-- Dataset extract follows --
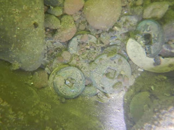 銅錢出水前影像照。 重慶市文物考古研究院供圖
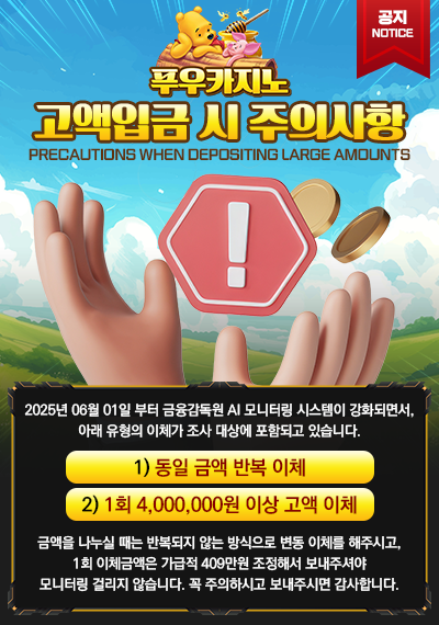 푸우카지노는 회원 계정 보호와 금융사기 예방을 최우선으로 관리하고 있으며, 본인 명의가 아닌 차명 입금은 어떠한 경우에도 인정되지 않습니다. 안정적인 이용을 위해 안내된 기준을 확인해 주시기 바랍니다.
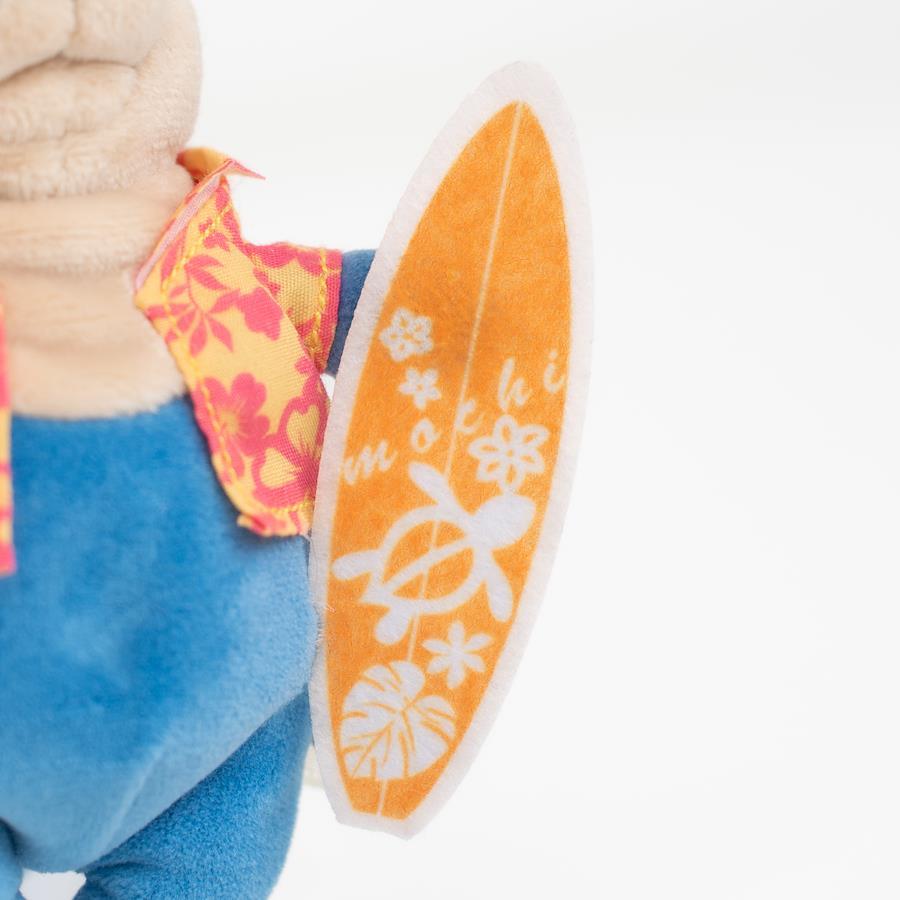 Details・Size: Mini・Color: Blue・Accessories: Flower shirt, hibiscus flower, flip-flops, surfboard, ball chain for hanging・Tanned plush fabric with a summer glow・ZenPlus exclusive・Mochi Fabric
-- Dataset extract concluded --
• **What the exercise asks**:
Set down the data again, exactly, without images.

• **Solution to this problem**:
 銅錢出水前影像照。 重慶市文物考古研究院供圖
 푸우카지노는 회원 계정 보호와 금융사기 예방을 최우선으로 관리하고 있으며, 본인 명의가 아닌 차명 입금은 어떠한 경우에도 인정되지 않습니다. 안정적인 이용을 위해 안내된 기준을 확인해 주시기 바랍니다.
 Details・Size: Mini・Color: Blue・Accessories: Flower shirt, hibiscus flower, flip-flops, surfboard, ball chain for hanging・Tanned plush fabric with a summer glow・ZenPlus exclusive・Mochi Fabric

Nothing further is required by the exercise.